Dieser Mann ist nicht alt. Versponnen, versunken, ja.
Zornig, enttäuscht, weinerlich manchmal - aber das war er ja schon immer. Walser, der 91-Jährige vom Bodensee, gewährt hier einen Blick in seine Denkwerkstatt in verdichteter Kleinstform. Es sind schätzungsweise rund 1000 Miniaturen, die dieser Band vereint: Haikus, Aphorismen, Epigramme, Randnotizen. Dazwischen finden sich Zitate als Einsprengsel, etwa aus dem Choral "Wer nur den lieben Gott lässt walten".
Manchmal
klingt Walser in seinen Sinngedichten wie ein Stoiker oder wie Angelus Silesius oder aber Heinrich Seuse, der Mystiker vom Bodensee (der in Walsers Wohnort Überlingen auch nach Jahrhunderten noch verehrt wird). Aber Walser ist natürlich kein Stoiker, dazu ist er zu gern leidenschaftlich beleidigt, unduldsam und obendrein höchst sprachverliebt: "In mir ist Gelichter zu Haus, / Ich warte, / bis es vom Totschlag heimkommt / und ängstlich singend einschläft in mir."
Seine Verse und Sentenzen ranken sich um Wahnsinn und Weißglut, immer wieder Lebensangst, Hoffnung auf das Sterben,
Sonne, Licht
und Schnee. Es geht mehr um Verzeihen als Verstehen, mehr um Glück als um Recht.
Die kurzen Momente der Einsicht, die Aha-Erlebnisse verlangen nicht nach Handlung.

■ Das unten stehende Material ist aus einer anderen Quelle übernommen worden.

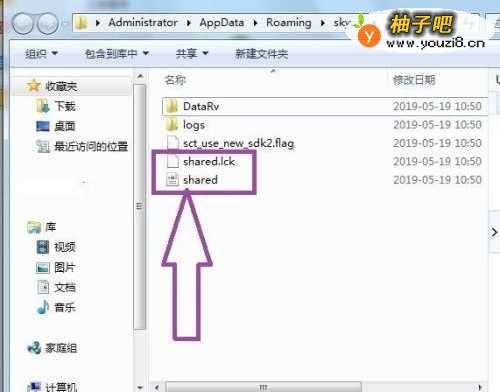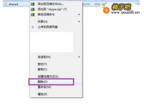 9然后选中“shared.lck和shared.xml”两个文件,然后右击,弹出右击的下拉子菜单,在下拉子菜单中可见“删除”,点击删除,将“shared.lck和shared.xml”两个文件删除,然后重新运行skype。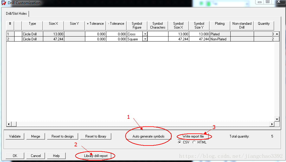 点击红色方框2,弹出的对话框可以查看所有钻孔焊盘信息,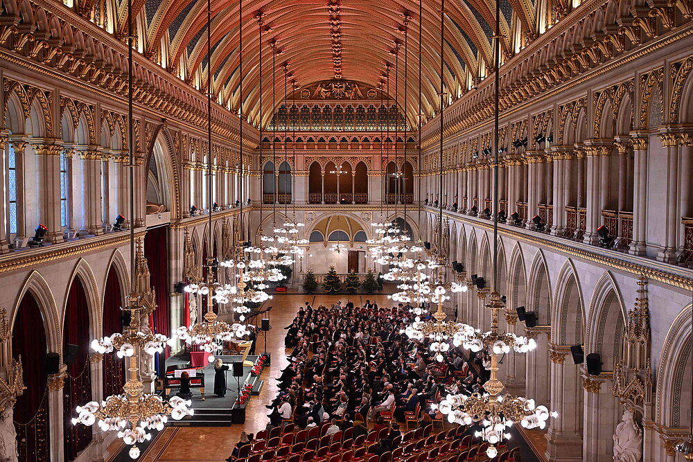 Auch heuer feiern unserer Absolvent*innen den erfolgreichen Studienabschluss im prachtvollen Festsaal des Wiener Rathauses. Vertreter*innen der MUK und der Stadt Wien überreichen den frischgebackenen Bachelor- und Masterabsolvent*innen feierlich ihre Urkunden und gratulieren zum Abschluss einer hochqualifizierten und international anerkannten Ausbildung. Familie, Freund*innen und Lehrende sind herzlich eingeladen, diesen besonderen Moment gemeinsam zu feiern. Ein musikalisches Rahmenprogramm verleiht der Feier ihren außergewöhnlich festlichen Charakter.

Sie möchten nicht ausgewalzt, sondern hingeworfen werden und sind in dieser kleinen Form bestens aufgehoben. "Ich klettere an mir empor / wie ein Affe, / um größer zu sein, / als ich bin. / Von oben sehe ich, / wie klein ich bin."

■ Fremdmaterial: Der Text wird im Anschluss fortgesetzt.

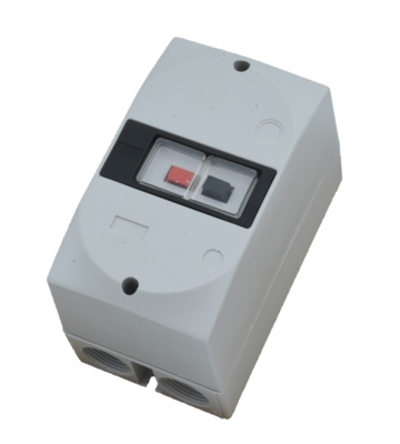 Arrancador de aspirador/protector de motor con botón de arranque Ser utilizado cuando no se utiliza ningun arrancador o unidad de control. Montado en una caja de plástico.

Natürlich könnte man sich nun an einzelnen, misslungenen Sprüchlein aufhängen. Manches ist platt, manches kleinlich. Manches klingt wie in einer Rauschnacht begeistert hingekritzelt und am nächsten Morgen als Binsenweisheit entlarvt: "Wenn du weißt, dass das, was du machst, Blödsinn ist, wird es dadurch, dass du das weißt, nicht intelligenter."
Recht ungelenk und unnötig sind die namentlichen Beschimpfungen von Literaturkritikern (Karasek, Weidermann, Schirrmacher....) Aber danach wartet ja gottlob schon immer die nächste, wohlformulierte Preziose.
Ein hohes, geistreiches Vergnügen.
Martin Walser, Spätdienst. Bekenntnis und Stimmung. Rowohlt, 208 Seiten. 20 Euro.